Shakespeare could of course fill a whole evening of discussion. His plays continue to be performed around the world. Comedy or tragedy the language and imagery used in his plays remain unmatched. Every so often over the last five hundred years some bright spark comes up with the suggestion that only a few of the lesser plays were written by Shakespeare and that the majority of them were written by Marlow or Bacon or who ever. It has provoked endless discussion over the years. The best response I have read is this: It is all about intellectual snobbery. Bacon and Marlowe were university educated. Shakespeare only went to a Grammar School. How could he possibly have the ability to write these plays. “And he was brought up in Stratford for goodness sake!” The arguments have tended to fade in recent years. But here we are concerned with the comedies. The first one of Shakespeare’s comedies to be performed was “A Comedy of Errors.” This is the direct link between the Elizabethan theatre and that of the Roman theatre. Shakespeare took his plot from a play called “Menaechmi” by Plautus. In the Roman play the plot revolves around a set of twins and mistaken identity. In A Comedy of Errors the plot revolves around two sets of twins and mistaken identity. The play was first performed in 1594. Shakespeare wrote fourteen comedies. The final one to be performed was A Winters Tale. Although I find the play more tragic than comic it does contain the classic stage direction. Exit pursued by a bear!

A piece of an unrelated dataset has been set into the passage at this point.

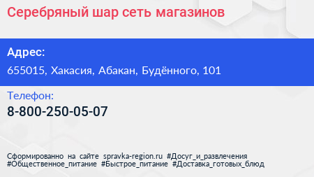 Серебряный шар, сеть магазинов по адресу 655015, Хакасия, Абакан, Будённого, 101 в дальнейшем Организация, размещена в следующих категориях:

These plays would be performed in daylight and the theatres would be structures of wood and it would more than likely be theatre in the round until bigger theatres were built. It was not until 1574 that plays were allowed to be performed on weekdays. The expensive seats were up in the galleries down to the cheap seats for the “groundlings” who sat on the floor! They would pay a penny to get in. As they came through a doorway they would be expected to put a penny in the box on the floor alongside the doorway. It soon became apparent that the number of people sitting on the floor did not always equal the amount of pennies in the box. So a recess was made by the doorway and the box placed on a shelf with someone from the theatre keeping an eye on it. From this simple operation we derive the term “Box Office!” This is the stage of the original Globe Theatre. Its modern replica is well worth a visitthe-globe-theatre4

Shakespeare’s main rival and friend at this time was Ben Jonson. Jonson wrote the Alchemist, Volpone, and Bartholmew Fair among others. He was imprisoned for sedition for writing his first play, after that he fought a duel with an actor and was found guilty of murder. He escaped hanging by persuading the authorities that as the son of a clergyman he had what was known as “benefit of clergy.” This apparently gets you off a hanging! He did not stay in prison for too long and his first play on release numbered William Shakespeare among the cast. Volpone is the play most performed in modern times. All the characters are named after animals, Volpone being the Fox. He pretends to be about to die just so he can hear what people have to say about him. It all goes badly wrong!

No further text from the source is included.